» **EXERCISE**
Below are records that hold pictures; write out only the lines from their start through the line with "Roaster Comments: Enjoy", exactly, and drop the pictures.

» **DATA PROVIDED**

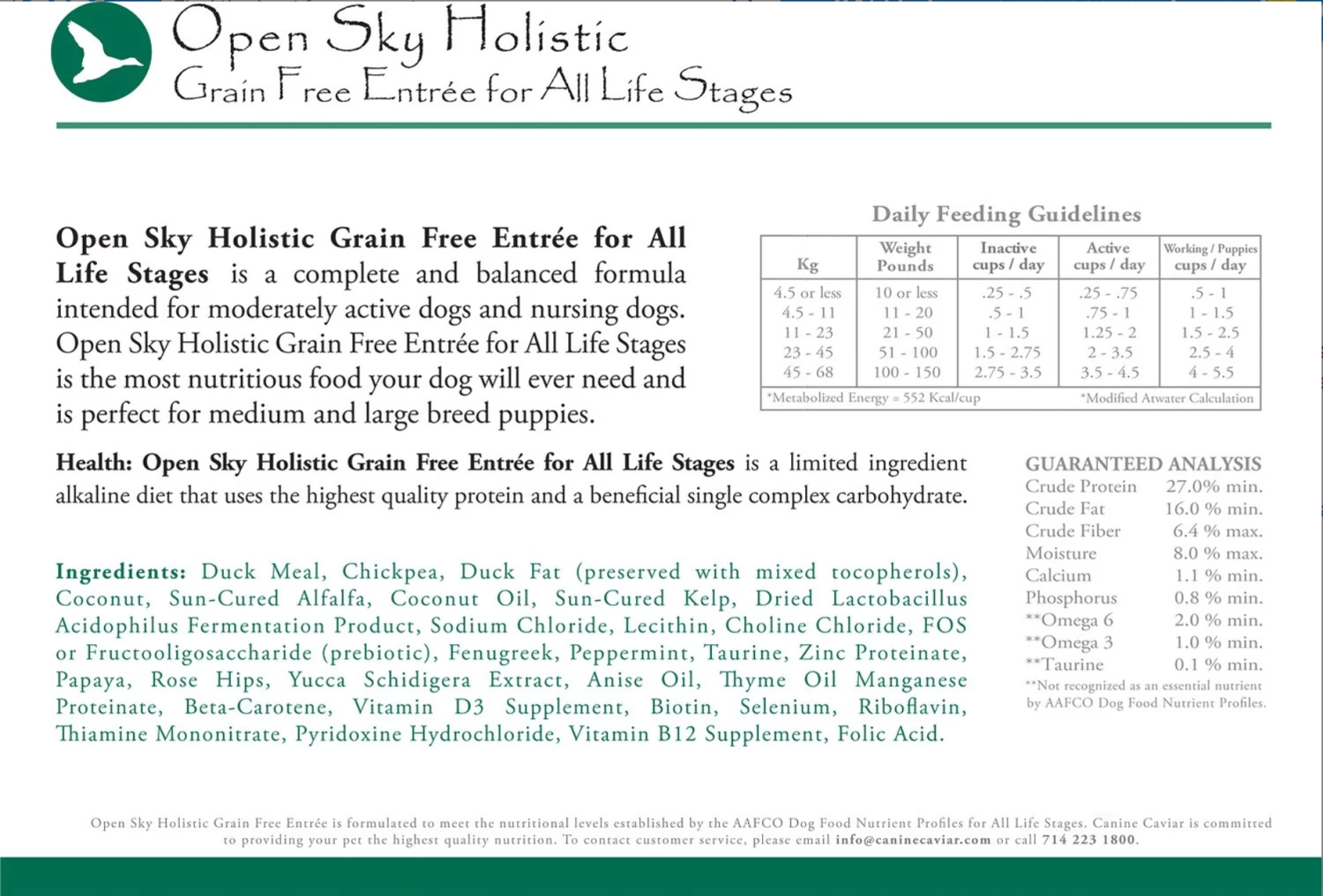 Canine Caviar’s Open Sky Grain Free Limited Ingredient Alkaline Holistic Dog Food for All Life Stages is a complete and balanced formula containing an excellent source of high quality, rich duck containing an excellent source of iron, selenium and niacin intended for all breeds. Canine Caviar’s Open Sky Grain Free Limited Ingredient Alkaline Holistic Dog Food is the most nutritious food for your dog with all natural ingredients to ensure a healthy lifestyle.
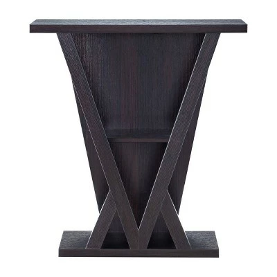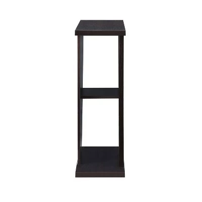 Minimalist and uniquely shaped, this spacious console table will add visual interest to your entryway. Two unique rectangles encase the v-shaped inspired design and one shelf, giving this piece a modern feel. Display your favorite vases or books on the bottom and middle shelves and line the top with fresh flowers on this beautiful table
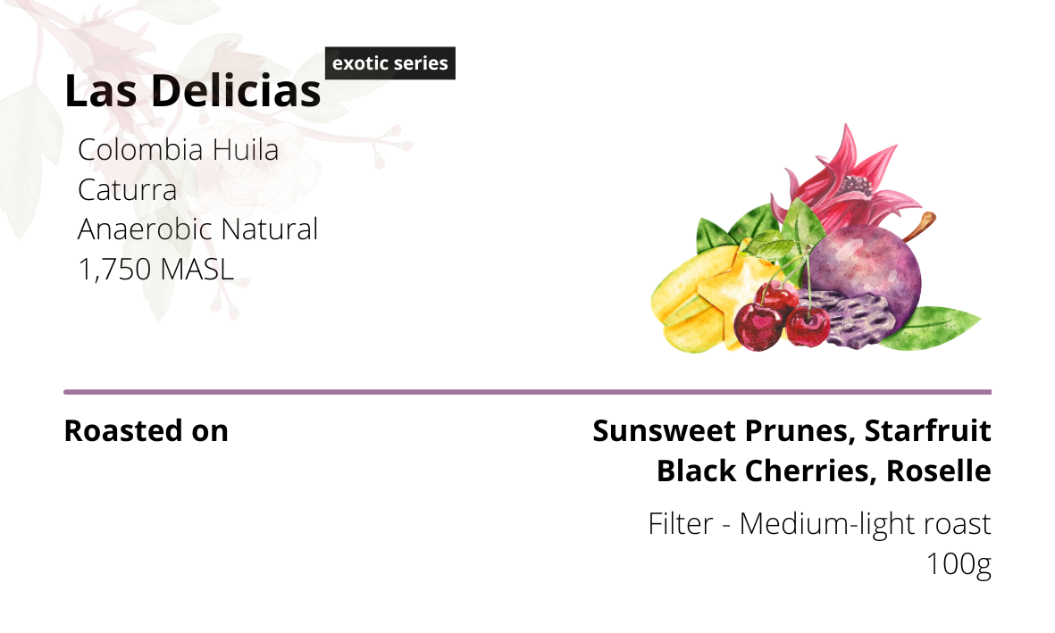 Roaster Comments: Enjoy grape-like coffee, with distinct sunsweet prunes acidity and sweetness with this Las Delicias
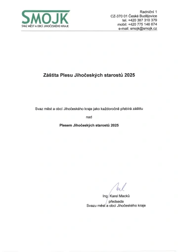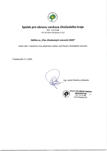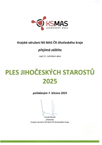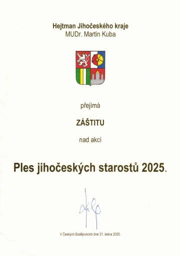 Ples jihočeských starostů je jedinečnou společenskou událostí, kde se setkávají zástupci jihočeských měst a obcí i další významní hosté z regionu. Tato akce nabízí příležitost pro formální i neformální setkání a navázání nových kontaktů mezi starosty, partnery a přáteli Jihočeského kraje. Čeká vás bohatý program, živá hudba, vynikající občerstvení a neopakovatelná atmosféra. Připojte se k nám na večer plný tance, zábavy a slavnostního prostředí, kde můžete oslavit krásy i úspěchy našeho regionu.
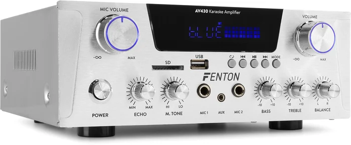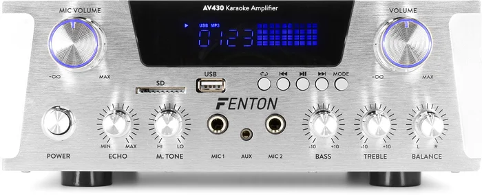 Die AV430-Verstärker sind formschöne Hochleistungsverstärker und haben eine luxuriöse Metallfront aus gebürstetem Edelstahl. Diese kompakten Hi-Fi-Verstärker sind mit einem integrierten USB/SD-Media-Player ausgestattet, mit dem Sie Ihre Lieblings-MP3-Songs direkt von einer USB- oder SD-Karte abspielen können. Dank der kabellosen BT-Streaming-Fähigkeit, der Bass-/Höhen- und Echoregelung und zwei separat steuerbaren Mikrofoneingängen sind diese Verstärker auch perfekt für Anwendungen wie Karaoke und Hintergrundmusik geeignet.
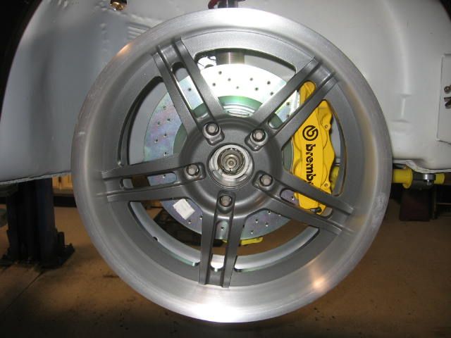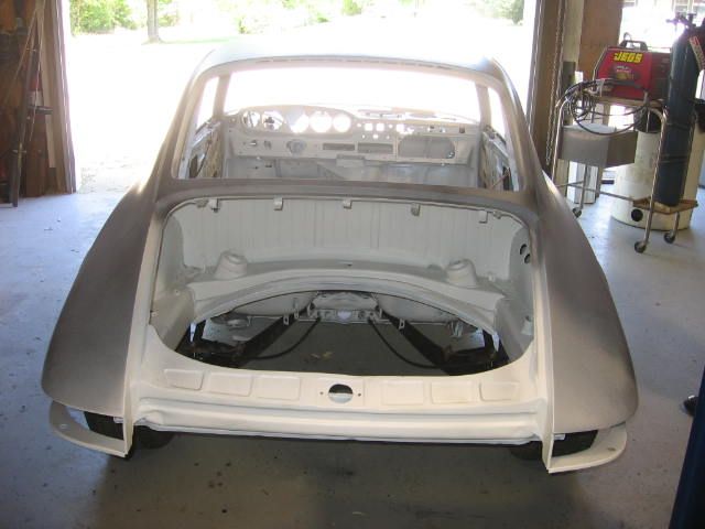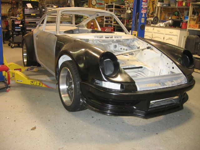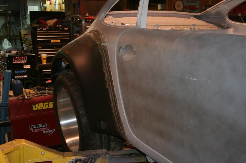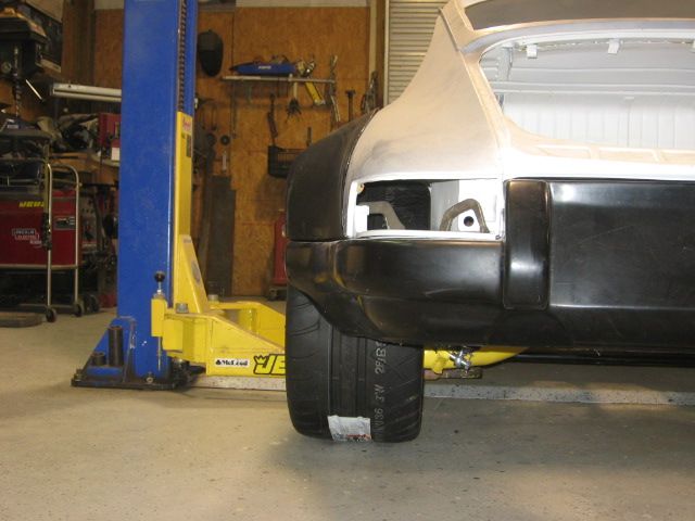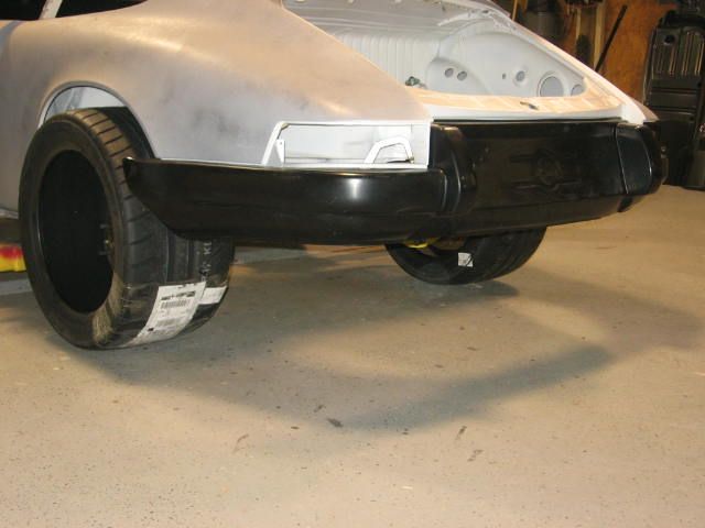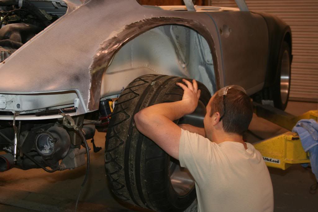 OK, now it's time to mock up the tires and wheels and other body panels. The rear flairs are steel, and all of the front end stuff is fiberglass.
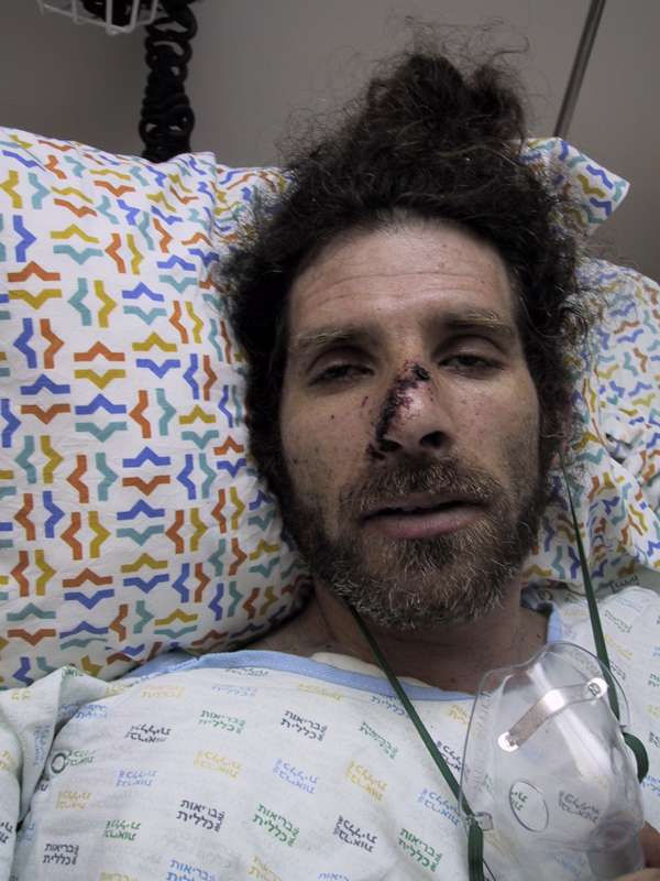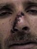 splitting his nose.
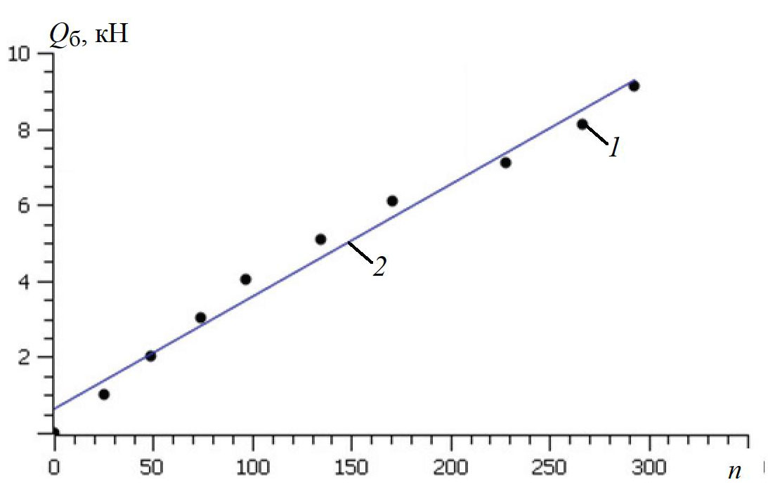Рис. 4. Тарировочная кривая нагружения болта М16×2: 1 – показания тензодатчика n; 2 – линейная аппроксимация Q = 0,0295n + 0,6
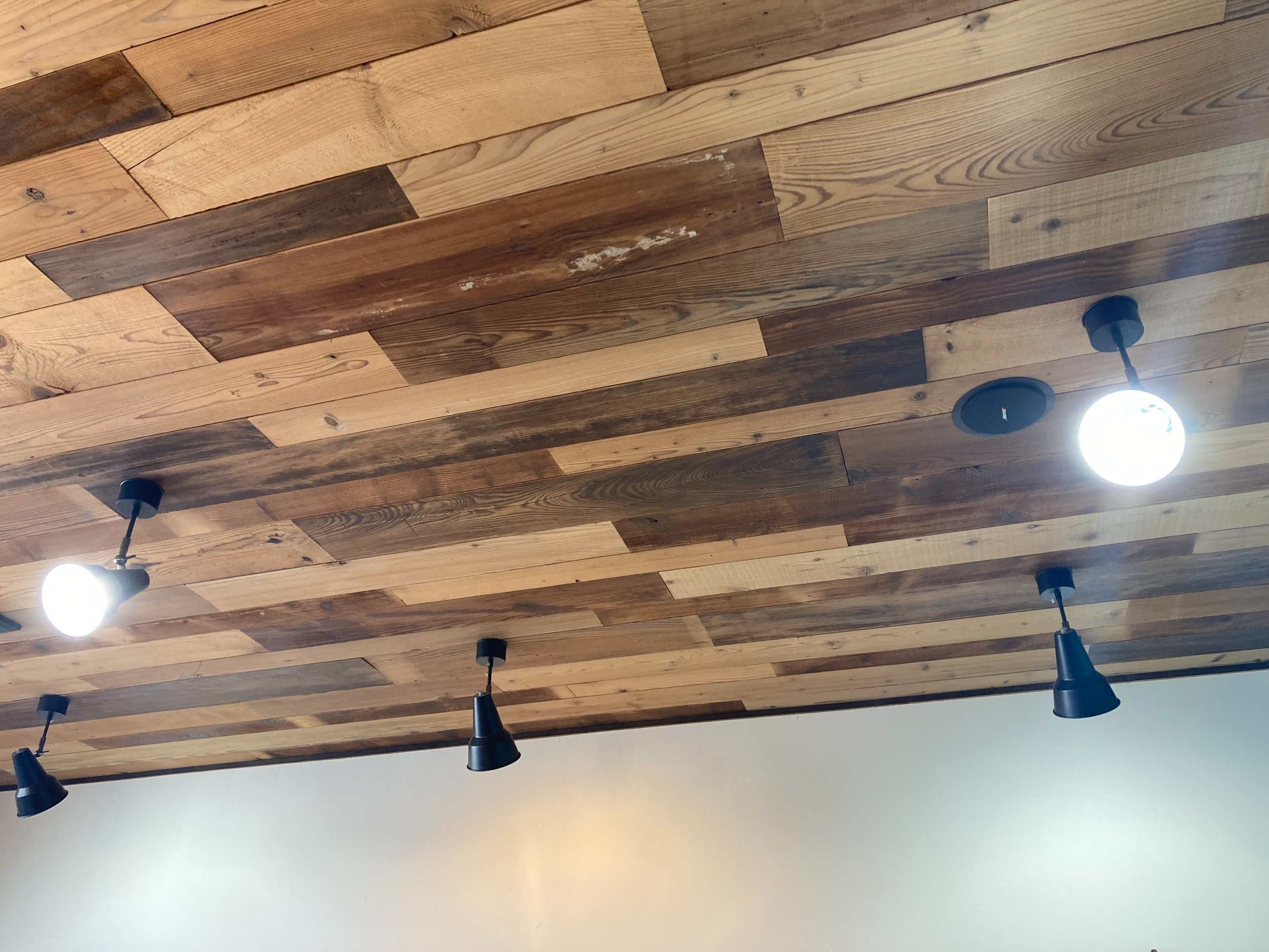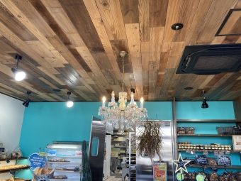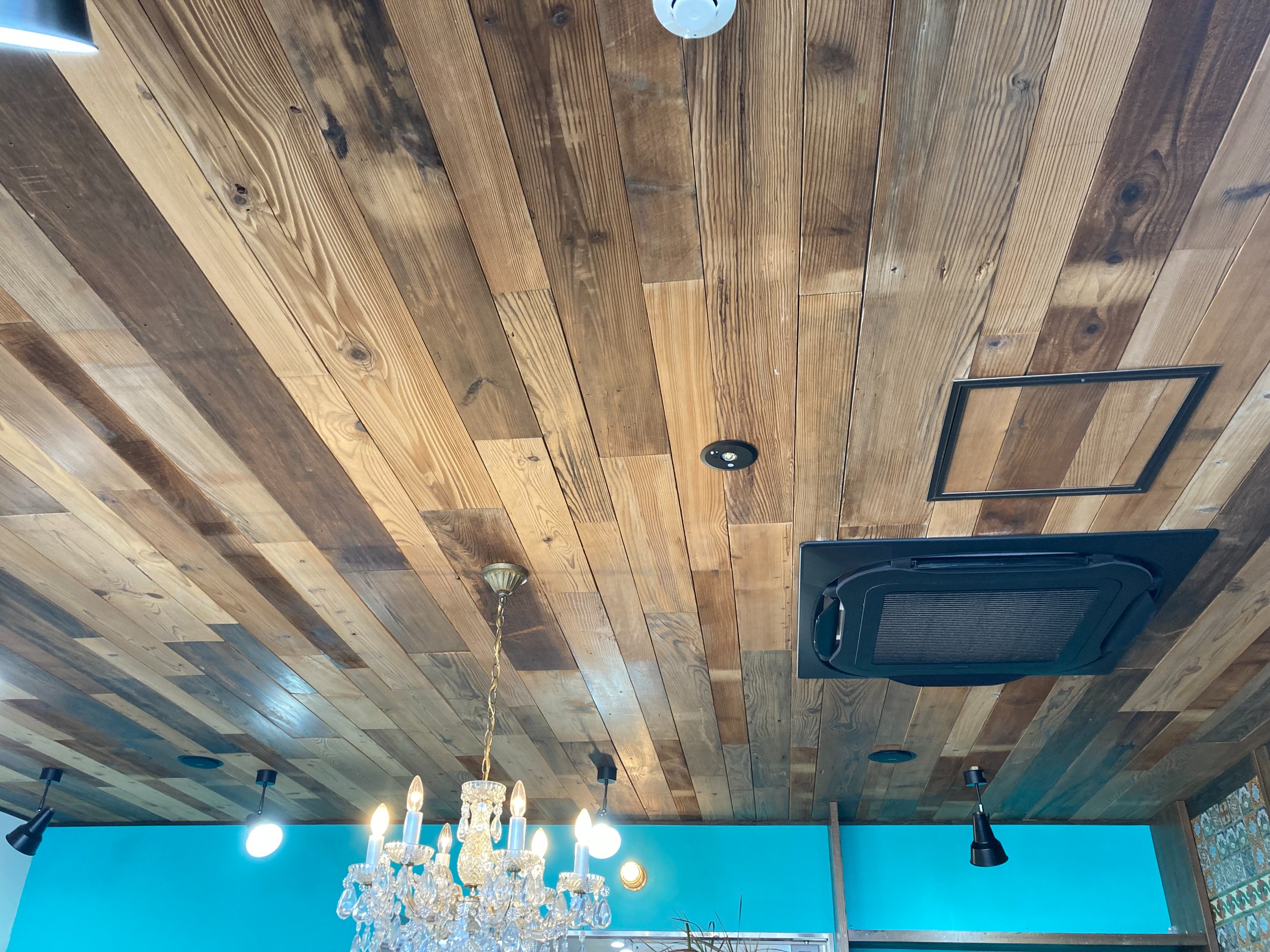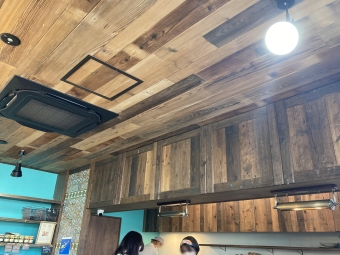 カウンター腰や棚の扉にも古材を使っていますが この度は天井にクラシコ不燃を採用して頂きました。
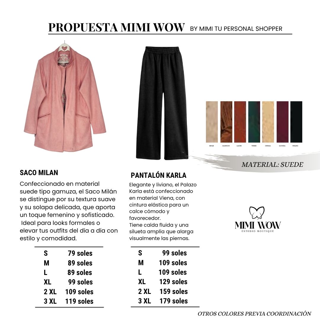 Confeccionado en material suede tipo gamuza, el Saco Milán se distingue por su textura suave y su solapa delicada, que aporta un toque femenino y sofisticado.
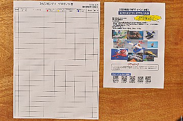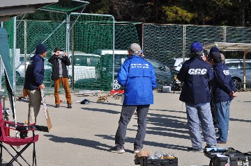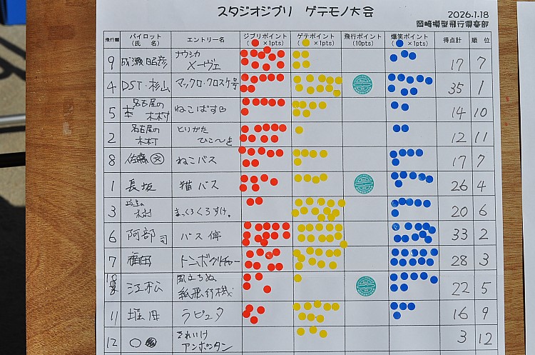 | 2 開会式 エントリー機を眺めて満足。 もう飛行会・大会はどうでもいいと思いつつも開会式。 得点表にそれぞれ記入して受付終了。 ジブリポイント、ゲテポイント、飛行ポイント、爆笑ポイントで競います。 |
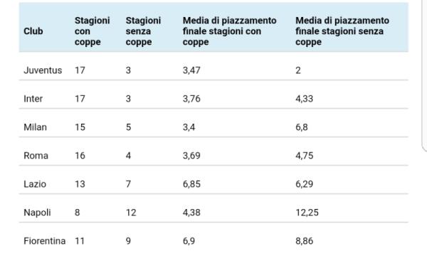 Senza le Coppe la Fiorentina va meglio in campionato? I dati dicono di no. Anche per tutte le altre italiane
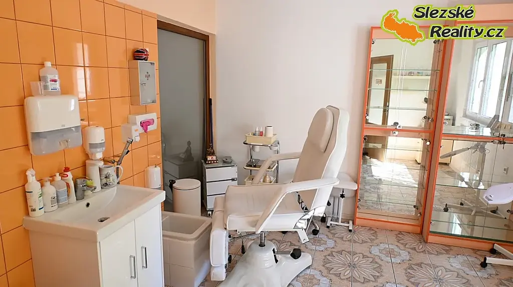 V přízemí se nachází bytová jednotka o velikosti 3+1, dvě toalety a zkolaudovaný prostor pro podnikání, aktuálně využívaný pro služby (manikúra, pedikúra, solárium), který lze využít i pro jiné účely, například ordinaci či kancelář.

» **ANSWER TO THIS PROBLEM**
 Canine Caviar’s Open Sky Grain Free Limited Ingredient Alkaline Holistic Dog Food for All Life Stages is a complete and balanced formula containing an excellent source of high quality, rich duck containing an excellent source of iron, selenium and niacin intended for all breeds. Canine Caviar’s Open Sky Grain Free Limited Ingredient Alkaline Holistic Dog Food is the most nutritious food for your dog with all natural ingredients to ensure a healthy lifestyle.
 Minimalist and uniquely shaped, this spacious console table will add visual interest to your entryway. Two unique rectangles encase the v-shaped inspired design and one shelf, giving this piece a modern feel. Display your favorite vases or books on the bottom and middle shelves and line the top with fresh flowers on this beautiful table
 Roaster Comments: Enjoy grape-like coffee, with distinct sunsweet prunes acidity and sweetness with this Las Delicias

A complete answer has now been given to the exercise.